Mexico has the most developed hospitality sector in Latin America, boasting 392,000 hotel rooms at end-2017. Chile, Colombia and Peru are also increasingly on the radar of international hotel investors. Carlos Trujillo, executive president of the Mexican Association of Tourism Developers, told OBG that the range of high-quality products and services in the industry is limited by infrastructure constraints, echoing challenges seen in less-developed hospitality sectors across Latin America. “The Mexico Tourism Board is working on bringing more high-purchasing-power tourists or premium tourism to the country; however, infrastructure limitations need to be tackled and overcome to provide the resources that high-end tourism demands,” Trujillo said.

Disruptive Models 

Hotels have faced growing competition from accommodation-sharing technology platforms, like Airbnb, as well as more established alternatives, such as timeshares. Research by JLL suggests that such listings tend to be higher in cities that have high hotel occupancy rates. Cities are increasingly imposing restrictions on accommodation-sharing, but in cities where such platforms have already gained a foothold, there has not been a noticeable impact on hotel performance, according to JLL data. This suggests that hotels and shared accommodation may not necessarily compete for the same market. Technology has also brought about important gains. Online booking platforms such as Expedia and Hotels.com allow hoteliers to reach a wider pool of potential customers and boost occupancy by offering discounted rates.

Prospects

JLL forecasts that global hotel investment will remain steady in 2019 at $67.2bn. With the global economy facing headwinds in 2019-20, there could be knock-on effects on business travel and disposable income, feeding through to weaker performance in the hospitality sector. This may cloud the hotel investment picture over the medium term, particularly in markets that have already become saturated. Global trade disputes, higher interest rates and a slowdown in the pivotal Chinese economy are three factors that could curtail transaction volumes in the future.

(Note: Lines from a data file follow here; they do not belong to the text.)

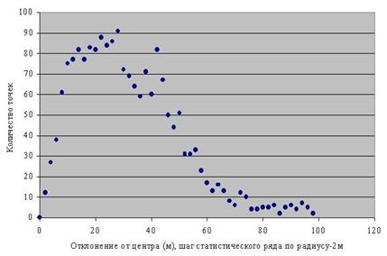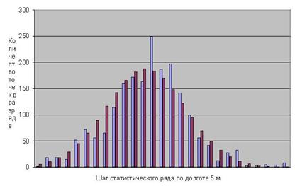 При осуществлении подобных преобразований средствами ГИС автоматически выдаются оценки усредненных ошибок положения для опорных точек, которые можно рассматривать как оценку точности исходного картографического материала, однако здесь приходится сталкиваться с определенными трудностями. При наличии всего трех опорных точек можно провести точное линейное преобразование, так что ошибка привязки, выдаваемая ГИС, будет равна нулю. При большом количестве опорных точек ("насыщение"), равномерно распределенных по территории, добавление каждой новой точки уже не будет существенно влиять на ошибки привязки остальных. При количестве точек более трех, но менее "насыщения" добавление каждой новой точки может значительно влиять на величину ошибок остальных точек, и в этой ситуации величину ошибок привязки, рассчитываемых в ГИС, уже нельзя рассматривать как оценку ошибок карты. Вышеприведенные замечания в особенности относятся к старым картам. Их использование в археологической ГИС необходимо для поиска обозначенных на них объектов, которые отсутствуют на современной карте и следы которых слабо выражены на местности. Для определения радиуса поиска необходимо иметь оценку точности старой карты, то есть знать, в пределах какой области на современной карте может находиться точка, обозначенная на старой. Число опорных точек для старой карты зачастую и попадает в область более трех, но менее "насыщения", что связано с трудностью локализации современных объектов по старой карте и с недостаточным количеством GPS-измерений. В связи с этим возникает необходимость более детально изучить распределение ошибок карты. Так как построение карт не во всех случаях опиралось на точную сеть триангуляции, ошибки, в том числе и связанные с человеческим фактором, могут носить весьма неравномерный характер в пределах расстояния между современными опорными точками.
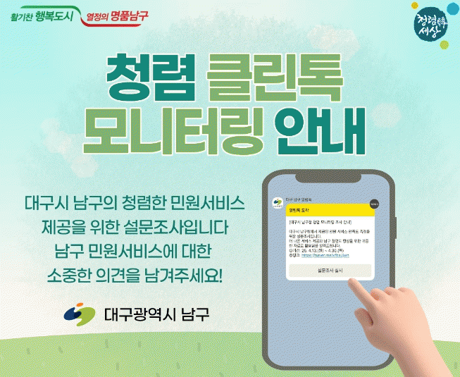 [´º½ºÅë ¾È»óµ· ±âÀÚ]´ë±¸ ³²±¸´Â ÇàÁ¤ÀÇ Åõ¸í¼ºÀ» °ÈÇÏ°í ºÎÆÐ Ãë¾à ºÐ¾ßÀÇ ½ÇÈ¿¼º ÀÖ´Â ¾÷¹« °³¼±À» À§ÇØ ¿ÜºÎ ¹Î¿øÀÎÀ» ´ë»óÀ¸·Î ÇÑ ¡®Ã»·Å Ŭ¸°Åå ¸ð´ÏÅ͸µ¡¯À» º»°ÝÀûÀ¸·Î ¿î¿µÇÑ´Ù°í ¹àÇû´Ù.
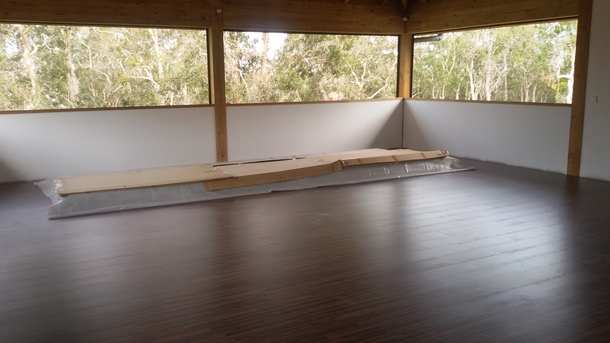 夫と手作りしてきた道場は、2017年11月9日時点、ほぼ完成です。あとは上座を作り、ミラーを取付ければ完了です。
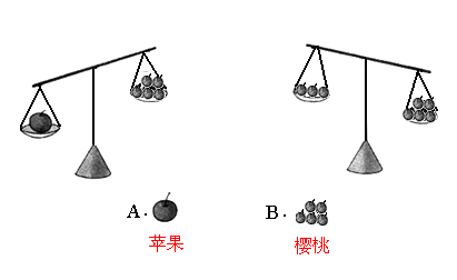 从天平倾斜的情况可以看出,托盘向下的一边的物体较重,托盘翘起较高的一边的物体较轻。 从左面天平看出:1个苹果重,5个樱桃轻;从右面天平看出:5个樱桃重,3个樱桃轻;可以得出:1个苹果比5个樱桃重,5个樱桃又比3个樱桃重;所以1个苹果重,重的选A.
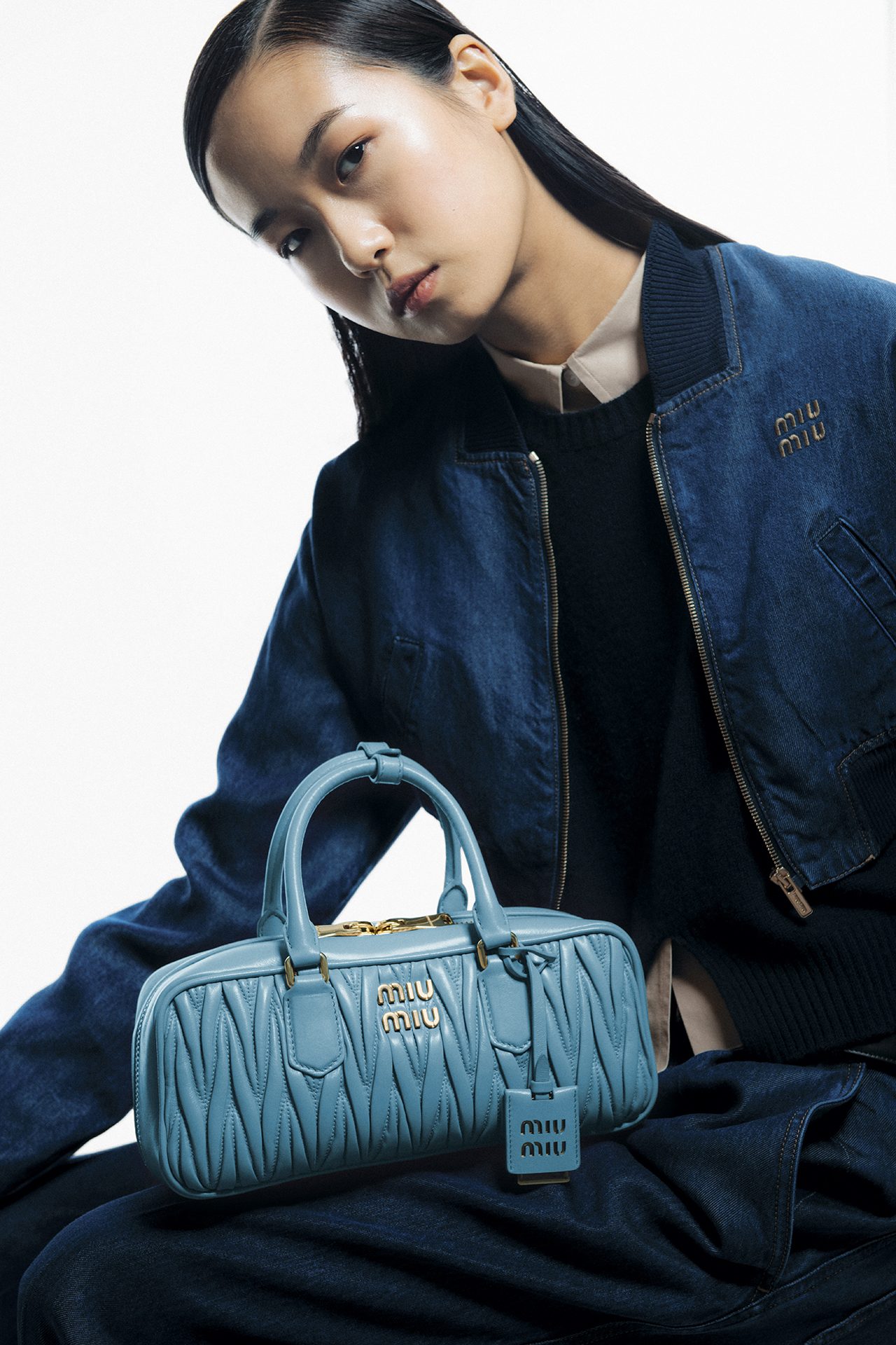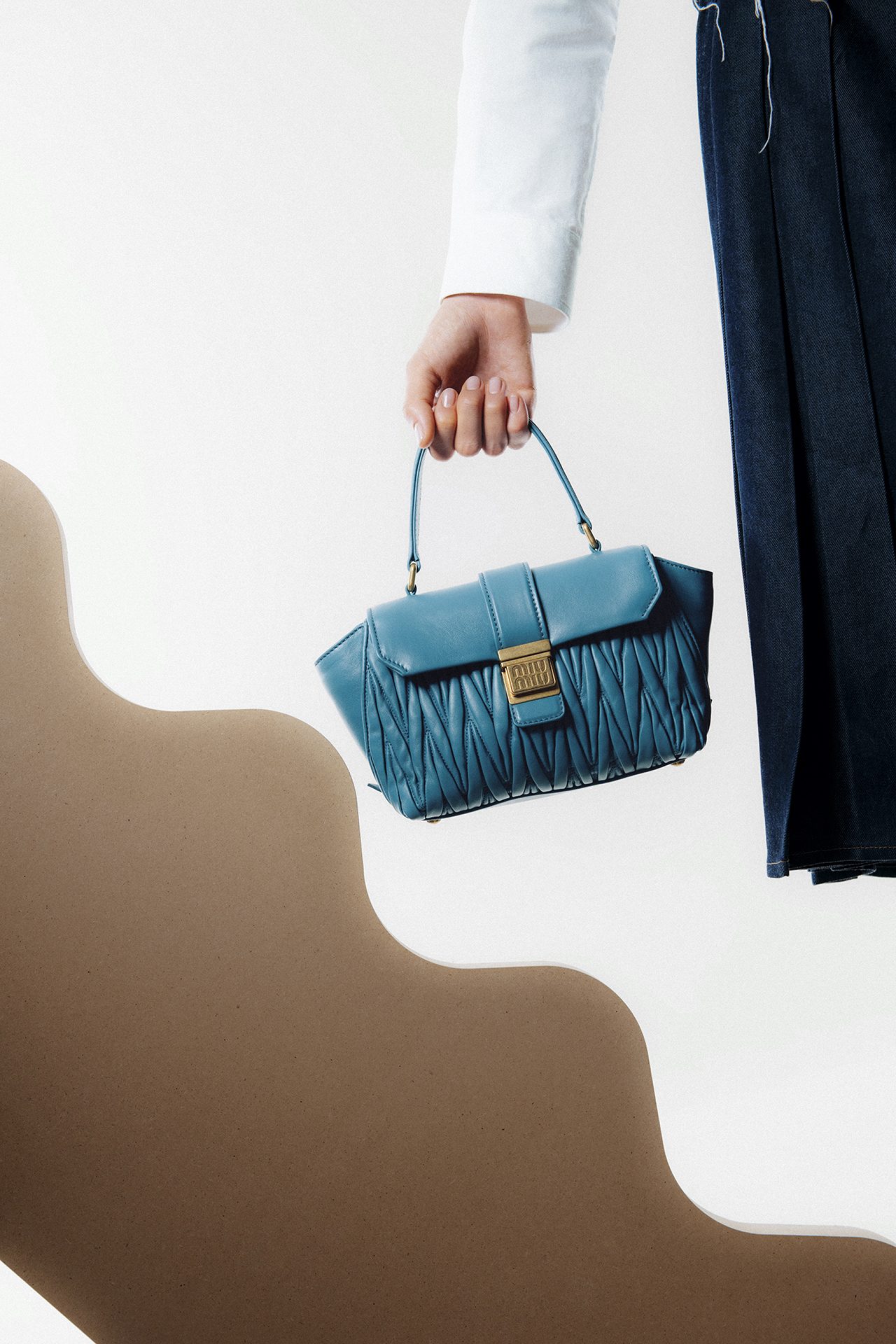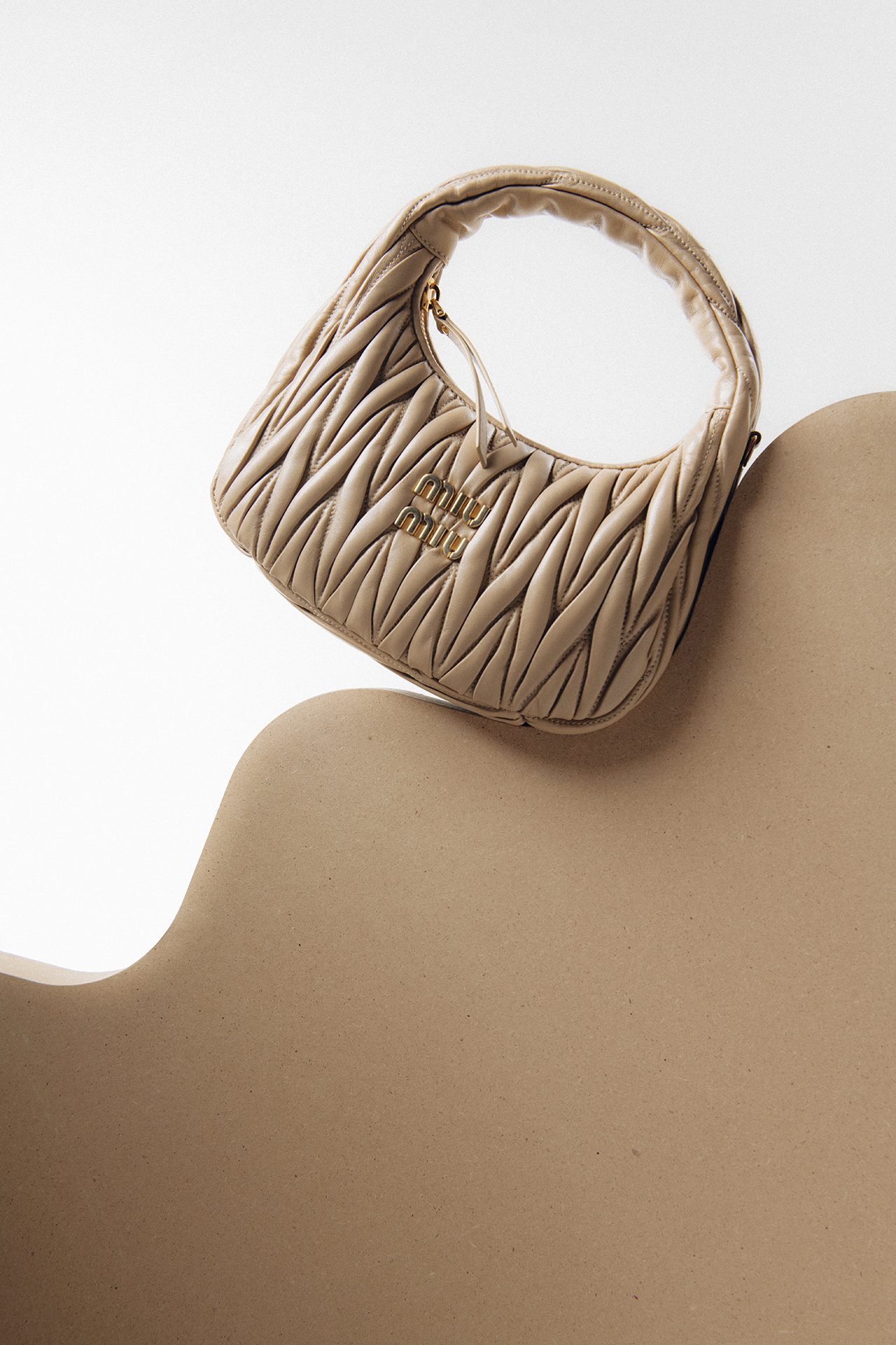 一足早く春のトラッドムードが漂う本ポップアップでは、サンドベージュやブラウンといったナチュラルな風合いに、インディゴ、マリンブルー、ライトグレーなどのカラーパレットを用いた MIU MIU らしいアーバンシックなワードローブを展開。先行販売となるブランドを象徴するマテラッセレザーを用いた新作バッグをはじめ、アイコニックなペニーローファーの新色や新素材が登場する。

Reasons for optimism remain, however. The UN World Tourism Organisation forecasts the number of international tourist arrivals will reach 1.8bn by 2030, which would constitute an average growth rate of 3.3% per year between 2010 and 2030. Rising income levels in emerging and developing economies, coupled with further expansion of the global middle class, is likely to underpin longer-term demand for hotel rooms globally, notwithstanding any near-term cyclical headwinds.